TWO POEMS

By Ginna Luck


There Has Never Been So Many Waist Bins, So Many Banged
Out Old Garbage Lids

 
I ask you to love me and then work every hour toward a feeling of insufficiency so complete it becomes a city of spectacular buildings: a spire about to explode in the sunset, a steal skeleton refracting like an electric dancer, sky-scraped and bleached with lightening. You enter expecting magic to happen and instead a deformed tower rises up in a car lot.

I ask you to love me and then dangle your heart outside an apartment complex like toilet paper aorta smeared and sick with its own pain seeping through a greasy curtain. Another dead condo is about to be toppled cracked, hemorrhaging out a skylight. My clavicle is caving in.

I ask you to love me helplessly from a place of weakness from the ground torn to dirt so there is no steady place to stand. Stay with me. Stay only with me. Stay in the overturned earth and metal of a dead year. In a city that broke up and out of my hands like a cage of cracked windows.

There is always a fire alarm blaring under my shirt. Always industrialized landscapes up ahead somewhere, machines building new machines building a duplex forest of waste and more waste that can’t be kept. The problem is this is not a city that stops.
 

 

Recovery

 

I thought I shouldn’t listen to the incessant demands of my body.
I thought my hunger was the hollow sky I was in love with. I wanted to feel
my hip bones like their own perfect story
glowing of my brilliant control. I wanted to close my teeth
on my continuing discomfort, uncurl into a ghost that wandered out of myself and into whatever
else was comfortable in the dust like more dust in a column of dusty light
coming down on me in a mindless grimy sunset.

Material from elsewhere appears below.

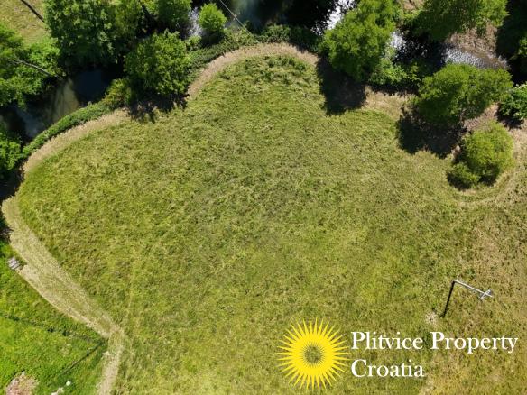 منزل ريفي مع أشجار الفاكهة وقطعة أرض بجانب مجرى مائي
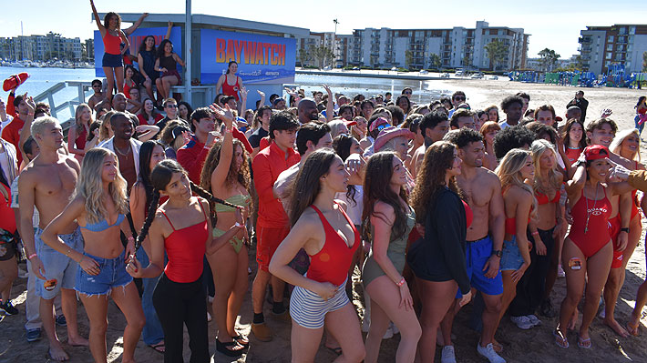 abarrotaron una playa de Los Ángeles con vibrantes trajes de baño rojos con la ilusión de formar parte de la

I was caught in its ridiculous hands, alive only in its fingers. I’m talking about denial
so complete, its loss became an unplaceable thing inside me. An unknowable vessel.
A fifty-pound block of my own beefed-up pain, fat and ripe like a dead
horse’s thick, sun crusted meat. Everything moved

ahead in small unequal pieces and outward in every direction. And although there was nothing
left for me to see, I kept seeing all that was not actually there: what I’d always had becoming
the thing I’d lost slowly repeating on the ground next to me, again.

And the stranger I saw looking back through the mirror was a child who could barely
speak, whose face was covered in brambles, and not just covered, tangled over and through
unable, at last, to pretend there was anything else happening.


Ginna Luck's work can be read in Radar Poetry, Gone Lawn, decomP, Hermeneutic Chaos Journal, Bodega, Leveler Poetry and others. She has been nominated for a Pushcart Prize and has an MFA from Goddard College. She currently lives in Seattle with her husband and three boys.